Hallo community, ich habe wieder mal ein kleines problemchen

Also ich will mir eine kleine visualisierung auf einem backhoff Panel erstellen. Das sind nur ein paar buttons und ein paar textfelder (wo sensor werte angezeigt werden sollen).

ich würde das gerne mit dem visual studio 2008 realisieren, da gibts es eine anwedung für intelligente geräte (smartphones usw mit windows ce). Das panel von backhoff ist ebenfalls windows ce.
Nun habe ich keinerlei erfahrung mit dem programm visual studio 2008. Das sps programm für das panel ist bereits geschrieben.

Hat schonn jemmadn von euch TwinCat mit Visual Studio 2008 kombiniert und eine visualisierung gemacht? Wie stelle ich eine verbindung zwischen den geräten her? Was bracuhe ich dafür, welche bibliotheken oder welche .dll? Habe da was von ads.dll gelesen...

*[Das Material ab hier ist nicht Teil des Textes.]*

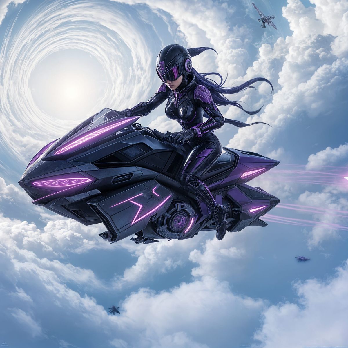 A female Psycho Ranger soars on a hoverbike through swirling clouds and mist. A distant cityscape provides a backdrop to this anime-inspired 3D rendering with detailed textures and metallic reflections.

Ich bin für jede Antwort dankbar.

PS: ich habe mich im Programm getäuscht. ich habe hier Visual studio 2008 zur verfügung, geht das damit trotzdem?


----------



## enter (28 Juni 2010)

Hallo,
Wie du schon geschrieben hast wird das rech einfach per ADS gelöst.
Lese das mal durch 
http://infosys.beckhoff.com/index.php?content=content/1031/tcsample/html/tcsample_intro.htm 
da sind sehr gute Beispiele enthalten.


----------



## egor (29 Juni 2010)

joa beim beckhoff wirdl eider nru die vb 2006 beschrieben oder? evtl muss ich es doch mit vb 2006 visualisieren...
eigentlihc müsste das auch bei der visual studio 2008 möglich sein, nur sidn die buttons evtl wo anders untergebracht ....

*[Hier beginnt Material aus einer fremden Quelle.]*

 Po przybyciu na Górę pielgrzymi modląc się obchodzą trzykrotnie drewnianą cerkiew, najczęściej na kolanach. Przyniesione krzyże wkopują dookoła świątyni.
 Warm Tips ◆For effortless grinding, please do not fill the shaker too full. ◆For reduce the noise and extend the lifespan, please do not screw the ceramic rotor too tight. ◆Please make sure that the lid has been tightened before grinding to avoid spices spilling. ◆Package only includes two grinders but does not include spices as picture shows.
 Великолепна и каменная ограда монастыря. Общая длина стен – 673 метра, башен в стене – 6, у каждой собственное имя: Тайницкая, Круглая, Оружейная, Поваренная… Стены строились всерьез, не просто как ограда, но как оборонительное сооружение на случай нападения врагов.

hmm geht das auch evtl damit?





TwinCAT ADS-Communication Library 
                          2.8.12                           TwinCAT Kommunikations Library für Windows 2000/NT/XP/CE.              Dokumentation


----------



## egor (29 Juni 2010)

enter schrieb:


> Hallo,
> Wie du schon geschrieben hast wird das rech einfach per ADS gelöst.
> Lese das mal durch
> http://infosys.beckhoff.com/index.php?content=content/1031/tcsample/html/tcsample_intro.htm
> da sind sehr gute Beispiele enthalten.




also die einbindung der ADS OCX kriege ich irgendwie nicht hin, und auf die manuelle rt auch nicht weil ich die Datei AdsOcs.ocx nirgends auf dem rechner finden kann


----------



## egor (30 Juni 2010)

habe mittlerweile die kommunikation anhand eines beispiels programms von beckhoff hingekriegt. ich kann variablen auslesen und schreiben.
mit diesem beispiel: (http://infosys.beckhoff.com/index.p..._vb/html/tcadsdll_com_vb_sample01.htm&id=9461)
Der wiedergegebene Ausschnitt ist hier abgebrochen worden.